J.B. Hunt Transport Services (JBHT) delivered an optimistic outlook to investors, citing a meaningfully tighter trucking market than the company anticipated heading into 2026.

Management made the upbeat remarks at the Barclays 43rd Annual Industrial Select Conference in Miami, drawing attention from analysts tracking the freight sector.

“Demand seems to be a little bit more positive than what we were expecting early January,” said Brad Delco, J.B. Hunt’s chief financial officer, at the conference.

Tender rejections and spot rates began climbing the week before Thanksgiving and have not undergone the typical seasonal pullback that usually follows the holiday period.

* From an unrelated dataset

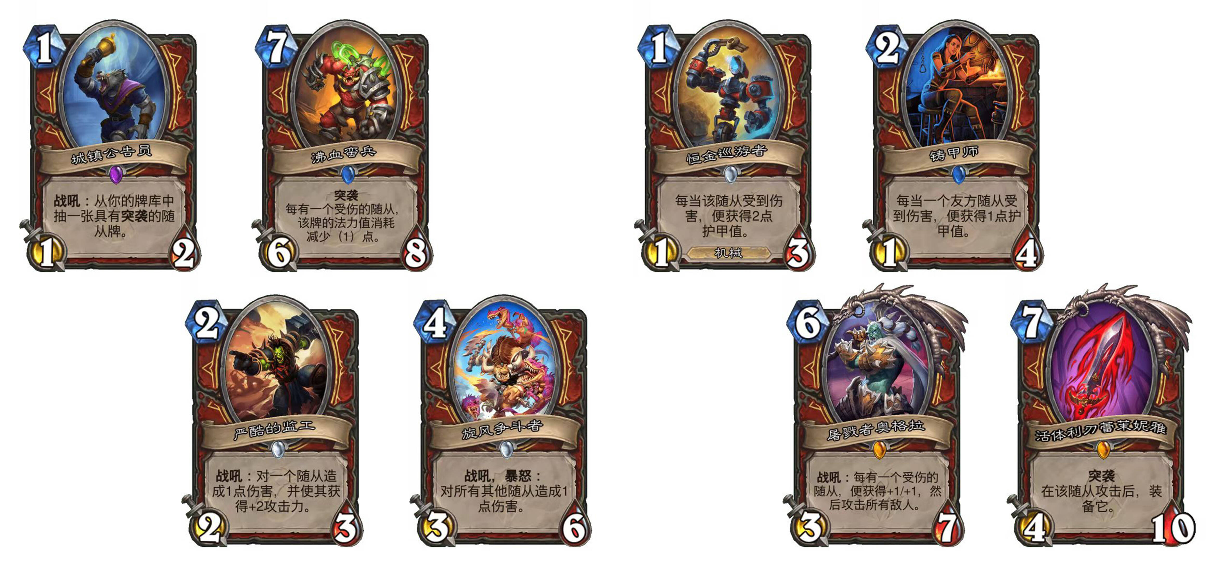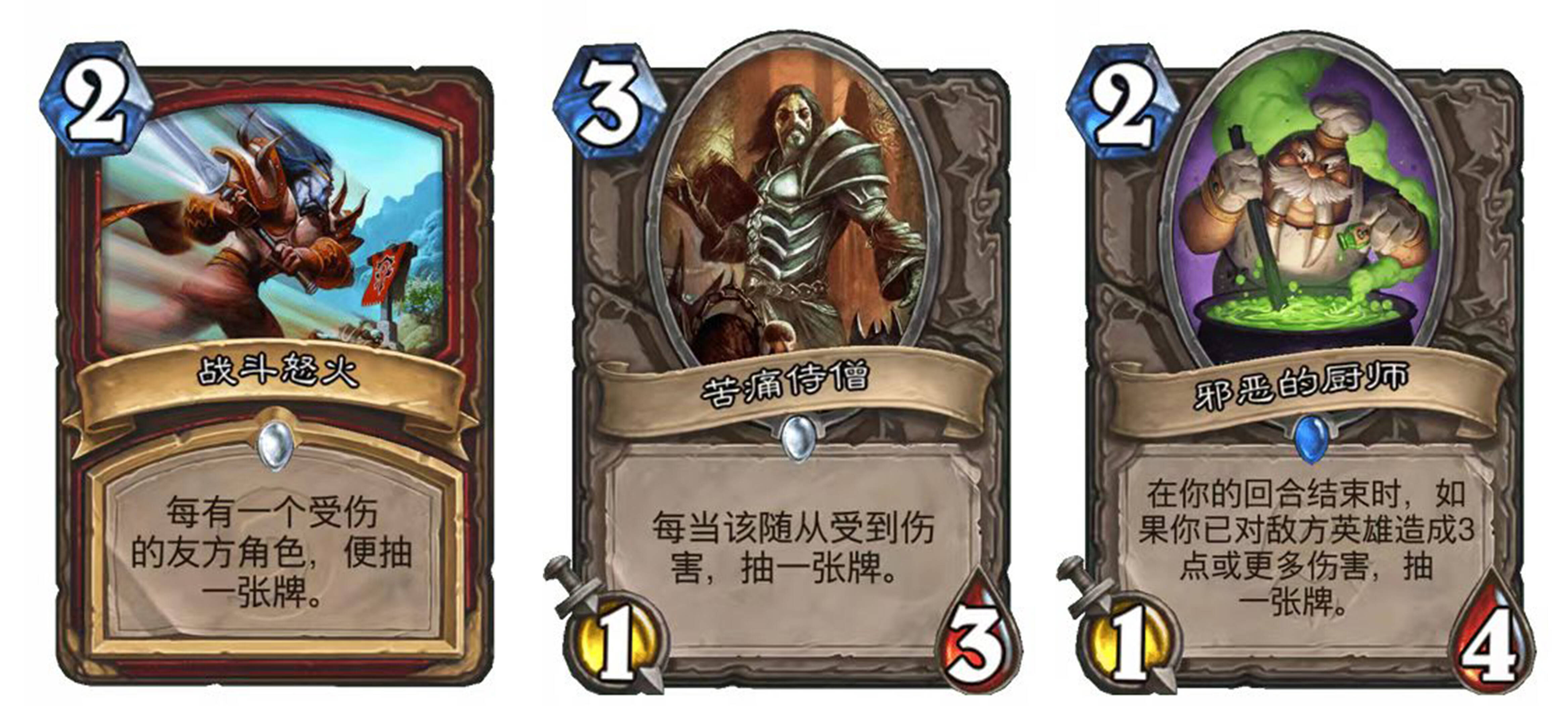 ·战斗怒火:激怒战过牌的保证,2费能过3张就不亏,面对中慢速卡组,尽量英雄掉血才开始叠甲,有心能提取者在场要考虑好是集中buff少数随从,还是过牌后分散buff多数随从。

Delco acknowledged that severe winter storms in December and January contributed to the market shift, though many of J.B. Hunt’s customers still view the changes as temporary rather than structural.

Despite that customer caution, Delco expressed confidence that a “pretty considerable amount of supply attrition” has taken place in the broader trucking market.

The capacity squeeze has been most visible inside J.B. Hunt’s own operations, particularly on purchased transportation expense lines within its brokerage and truckload business units.

On the dedicated side, J.B. Hunt’s pipeline is positioned for net fleet growth in 2026 after the company inked deals with 41 new customers last year, a company record.

The dedicated fleet contracted by roughly 100 units net in the prior year despite selling dedicated service on 1,200 tractors, as planned customer attrition offset new wins during that period.

Management reiterated a longer-term target of 800 to 1,000 trucks of net annual growth, with most expansion historically coming from scaling existing customer relationships rather than new accounts.

New customer accounts typically operate at a loss for the first three months and reach breakeven around month six, meaning accounts signed after June generally weigh on annual results.

J.B. Hunt’s intermodal segment has also shown momentum, posting two-year-stacked growth rates in the high-single digits throughout 2025 and an 11% gain in the fourth quarter.

Delco pointed out the significance of that growth occurring under conditions that would typically suppress intermodal volumes, including excess truckload capacity and relatively low fuel prices.

“We don’t have either of those tailwinds right now and we’re seeing that type of growth in a market where we compete more directly with trucks,” Delco said.

The intermodal business has also benefited from a third consecutive year of strong rail service, a factor that has helped J.B. Hunt gain share particularly in eastern markets.

Investors have responded positively to the company’s conference commentary, viewing the supply attrition narrative as a potential catalyst for improved pricing power across J.B. Hunt’s business segments.